'Lost in space' Bakewell pudding found in Lincolnshire

Photograph of the pudding at about 50,000ft Image copyright S. Anselm’s School
Image caption The pudding went missing shortly after being pictured at about 50,000ft above earth

A Bakewell pudding that went missing after being launched towards space has been found on a farm in Lincolnshire.

The dessert was attached to a high altitude balloon by pupils at a Derbyshire school in June.

It went missing after tracking devices recorded it at 52,500ft (16,000m) over Saxilby, Lincolnshire, with search efforts sparking interest online.

The celestial pudding was found on Saturday near Louth and even astronaut Tim Peake has tweeted the good news.

Farmer Neil Pawson, 53, found it in an asparagus field while walking his dog in Donington on Bain.

He said: "I was on a public footpath and looked up, saw something white and went to investigate - it could have been an injured swan or something.

Image copyright Neil Pawson
Image caption The Bakewell pudding was found just off a footpath by a man walking his dog

"I thought it was obviously a school experiment.
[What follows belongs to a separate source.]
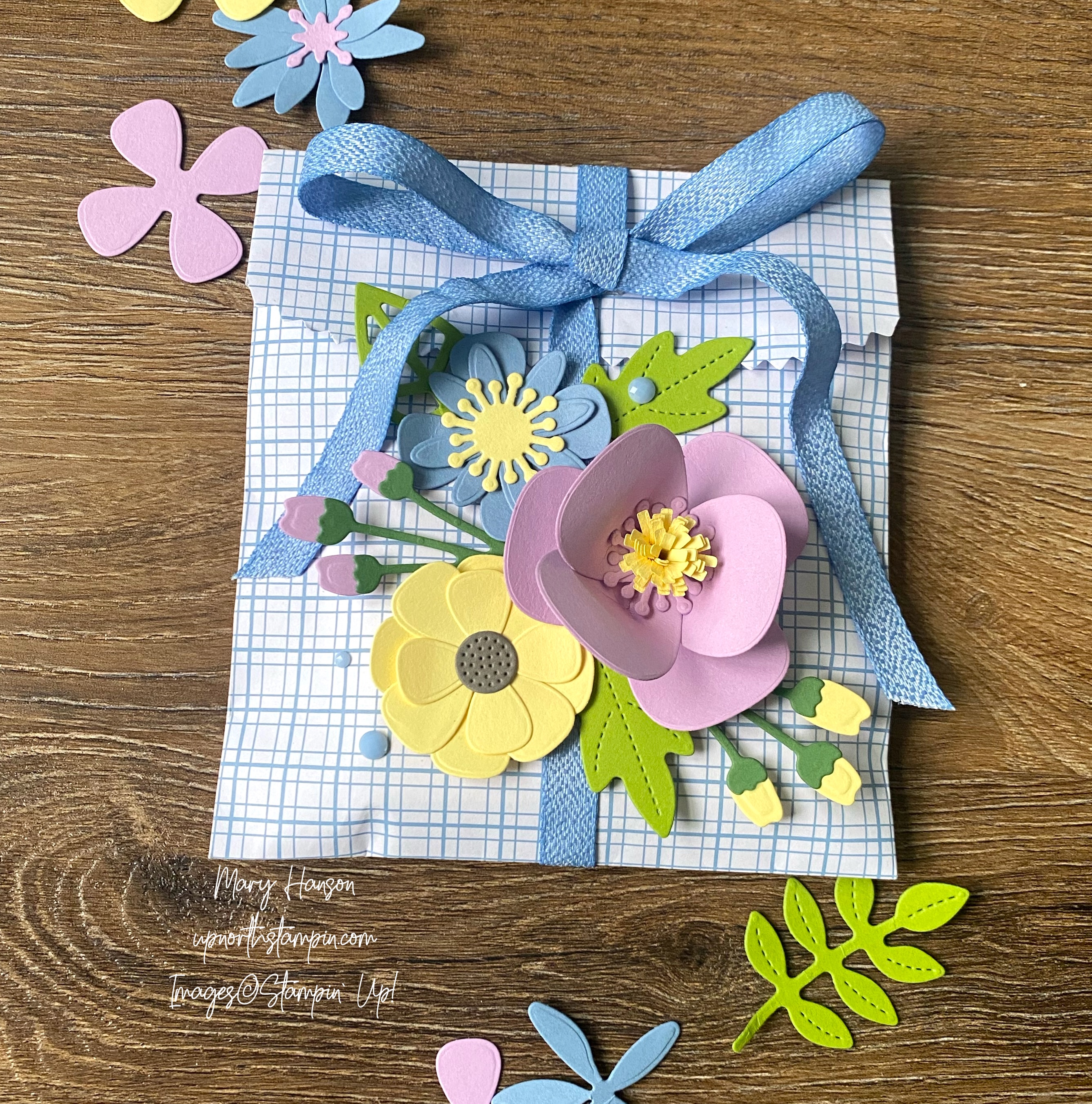 I chose a Boho Blue bag, and an entirely different set of dies for my CASE: the Paper Florist Dies. The possibilities are endless as you create all kinds of flowers using different combinations of the die pieces. Here’s my project: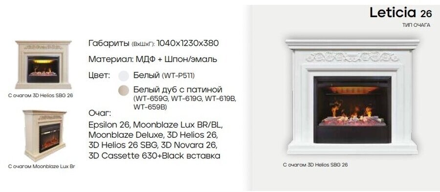 Электрокамин Leticia 26 WT с очагом Epsilon 26 S IR 149 480 ₽

Then I traced it down to the box, and thought 'ahhh'," he added.

"We often find balloons, but not something like this."

Nick McCloud, who helped pupils at S. Anselm's Preparatory School with the launch, said the pudding had "very clearly been nibbled round the edges", adding he would be buying Mr Pawson a replacement pudding as thanks.

The farmer had already contributed to a fundraising project run as part of the experiment, with more than £1,600 to be donated to the Guide Dogs for the Blind.

Among those following the fortunes of the flying foodstuff was Stephen Fry, whose tweet about its mysterious disappearance attracted more than 5,000 likes.